Problem ->
The expected result is an exact restatement of the data, free of pictures.

Supplied information ->
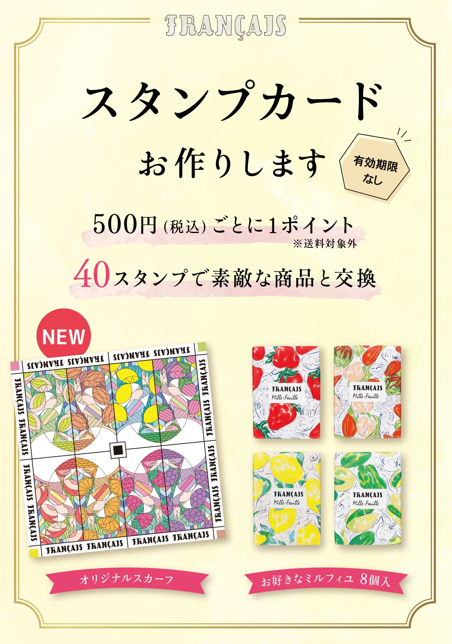 フランセでは、スタンプカードサービスを実施しております。表参道本店のオープン4周年を記念し、この度新しいノベルティが登場致します!
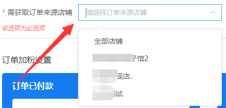b、選擇需要加粉的電商店鋪,這些店鋪有新訂單時,會自動獲取新訂單的手機號,這個手機號會根據設置的任務自動執行加好友注:如果導入的手機號在系統中已存在,將自動過濾不在添加
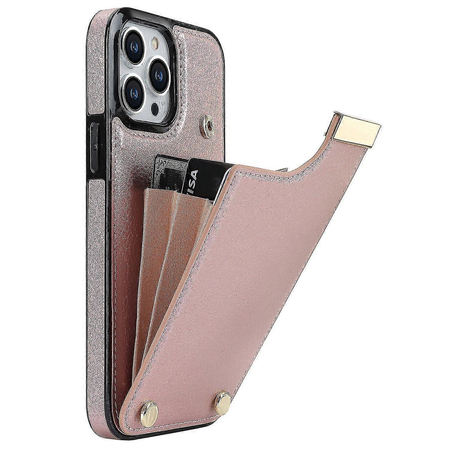 For iPhone 14 Pro Case TPU+PU Leather+Metal Cell Phone Cover with Card Holder
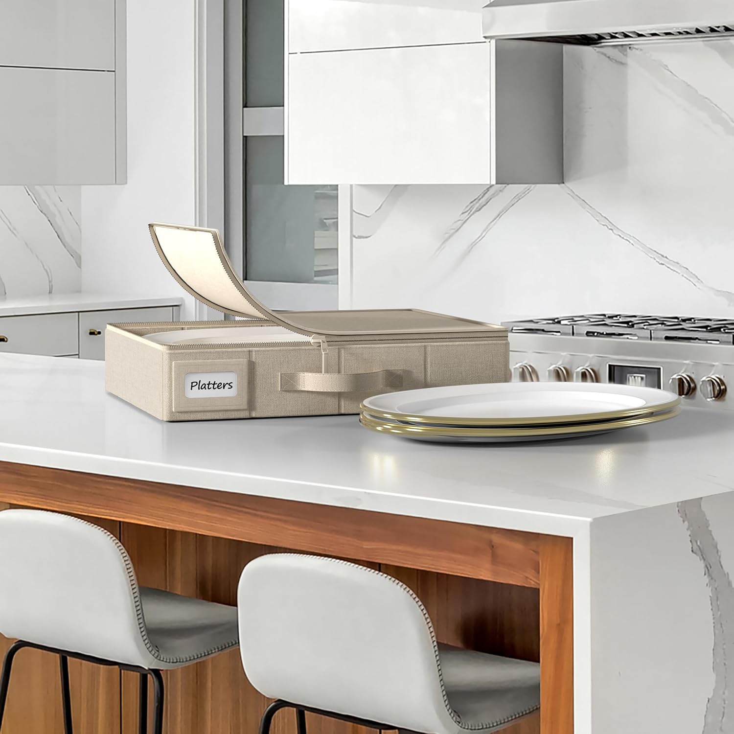 - Efficient Organization: Utilize the platter storage containers to keep your delicate dishware neatly arranged, preventing scratches and chips - Perfect for home cabinets or attic storage, our platter storage case features a thick hard shell cover, ensuring your dinnerware stays secure when not in use

Output below ->
 フランセでは、スタンプカードサービスを実施しております。表参道本店のオープン4周年を記念し、この度新しいノベルティが登場致します!
b、選擇需要加粉的電商店鋪,這些店鋪有新訂單時,會自動獲取新訂單的手機號,這個手機號會根據設置的任務自動執行加好友注:如果導入的手機號在系統中已存在,將自動過濾不在添加
 For iPhone 14 Pro Case TPU+PU Leather+Metal Cell Phone Cover with Card Holder
 - Efficient Organization: Utilize the platter storage containers to keep your delicate dishware neatly arranged, preventing scratches and chips - Perfect for home cabinets or attic storage, our platter storage case features a thick hard shell cover, ensuring your dinnerware stays secure when not in use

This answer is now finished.